Paata Chakhnashvili is a social psychologist and Pollster with 30 years of experience.See also web page https://www.paatach.com/. He is the author of the first Exit poll in Georgia and post-Soviet countries. Exit Poll was held during a parliamentary election in 1999 for the tele company Rustavi 2, by two independent companies – "Dia" (Pollster Paata Chakhnashvili) and "Gorbi" (Pollster Merab Pachulia).

1985-1987 Psychologist at the All-Soviet Research Institute of Technical Aesthetics, VNIITE (Tbilisi branch)

1986-1992  Senior Psychologist at Uznadze Institute of Psychology, Researcher (Department of Social and Organizational Psychology).

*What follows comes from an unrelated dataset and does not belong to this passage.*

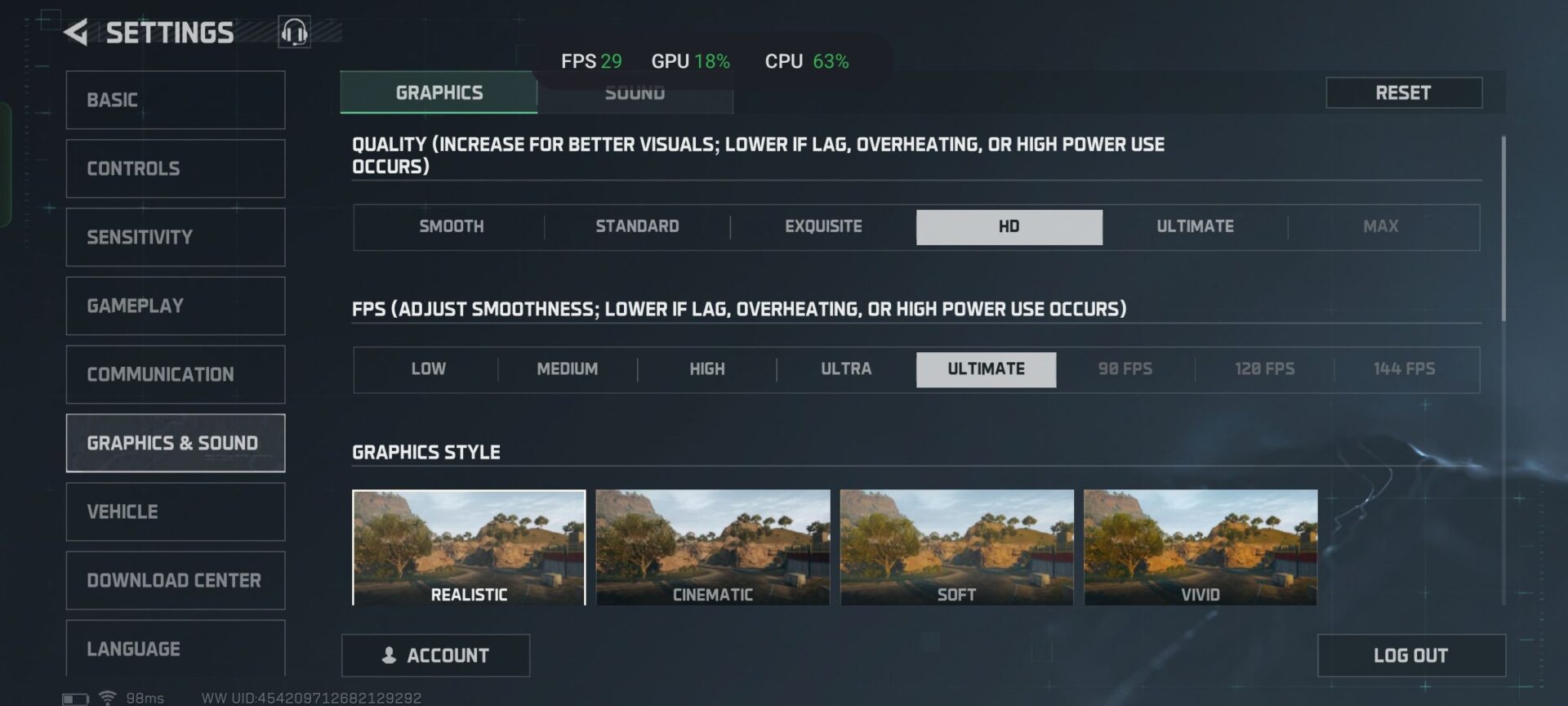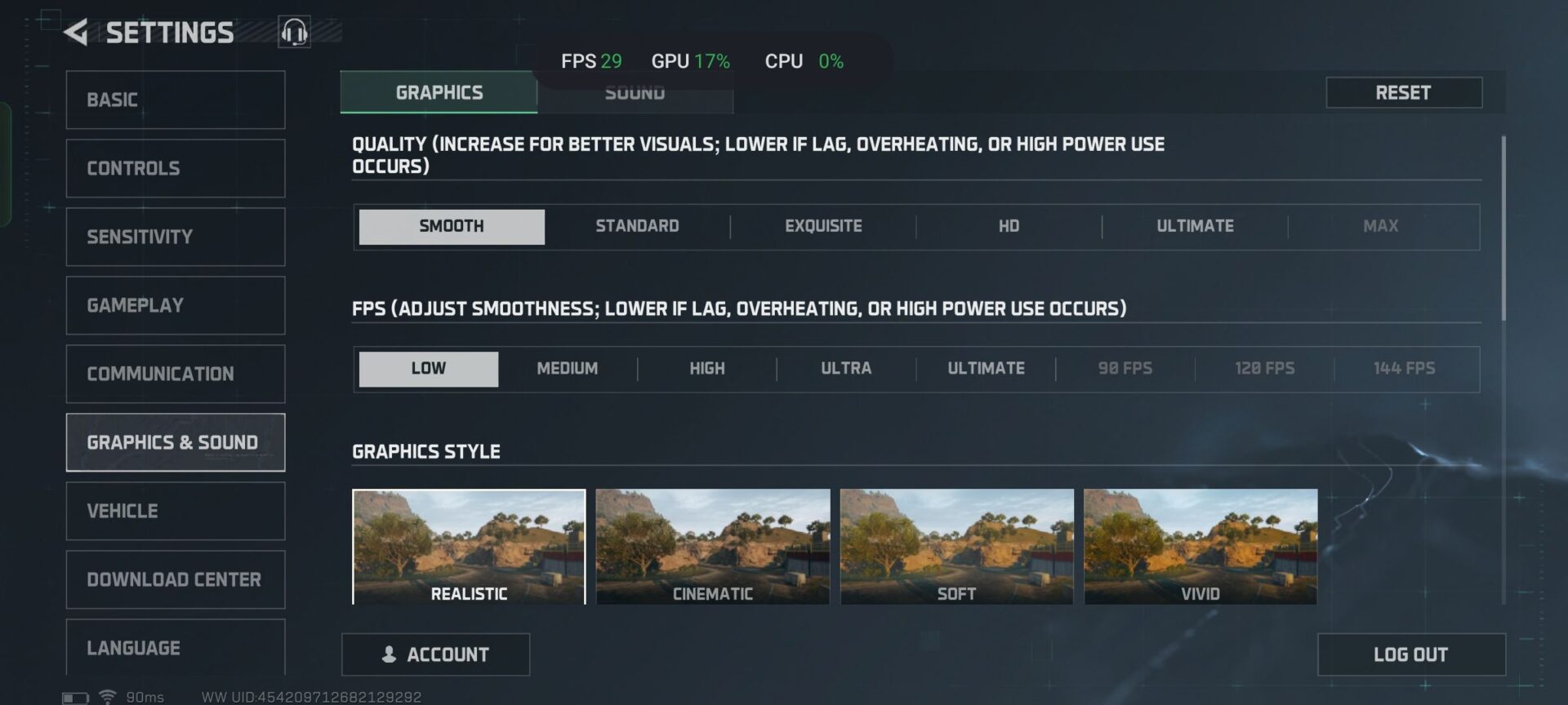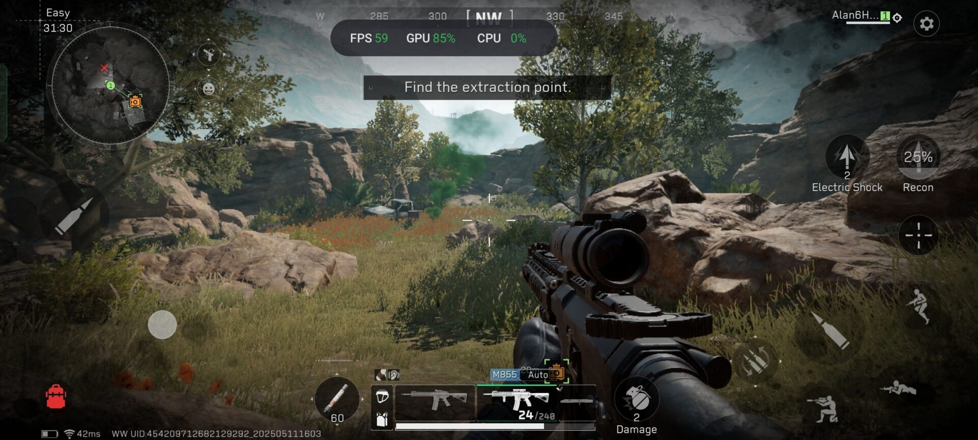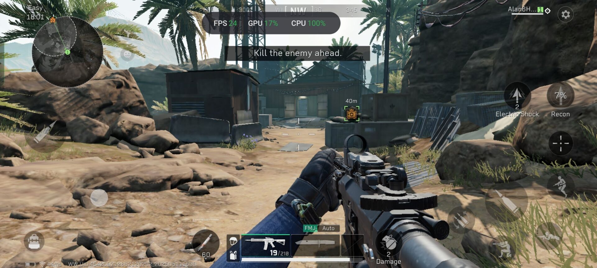 Fire Fire powinno na realme 14 śmigać w 120 klatkach na sekundę. Gołym okiem oczywiście nie jestem w stanie tego zmierzyć, ale nakładka gry pokazuje tylko +/- 90 FPS-ów. Oczywiście nie jest to mało, jak na smartfon i tak zapewnia superpłynną rozgrywkę. Natomiast Delta Force, czyli jedna z najnowszych gier FPS na smartfonach wydaje się zbyt wymagająca dla testowanego urządzenia. Tryby graficzne dla 90 i 120 klatek są zablokowane, możemy zagrać nawet na wysokich ustawieniach w 60 klatkach na sekundę. Trudno mi określić, czy to smartfon niedomaga do wyższych częstotliwości, czy raczej gra jest nie najlepiej zoptymalizowana. Z drugiej strony skoro Call of Duty działa w 90 klatkach, to chyba twórcy Delta Force mają co szlifować w porcie swoje strzelanki na smartfony.

1989-1992 lectures on the Social Psychology at Tbilisi State University’s higher school of business

1992-1993  Lectures on the Psychology at the Tbilisi Medical Institute.

In 1993, in the city of Rustavi, Paata Chakhnashvili with Erosi Kitsmarishvili, Jarji Aqimidze, Dato Dvali and Temur Bzhalava, was taking an active part in creation of the channel "Rustavi 2". In 1993-1994 was the head of "Rustavi 2" social and marketing department and also was an author of informational analytic program.  In 1994 was a nominee of the tele festival "Mana". 

1993-1994 Lectures on the Psychology at Tbilisi Teachers’ Proficiency Institute.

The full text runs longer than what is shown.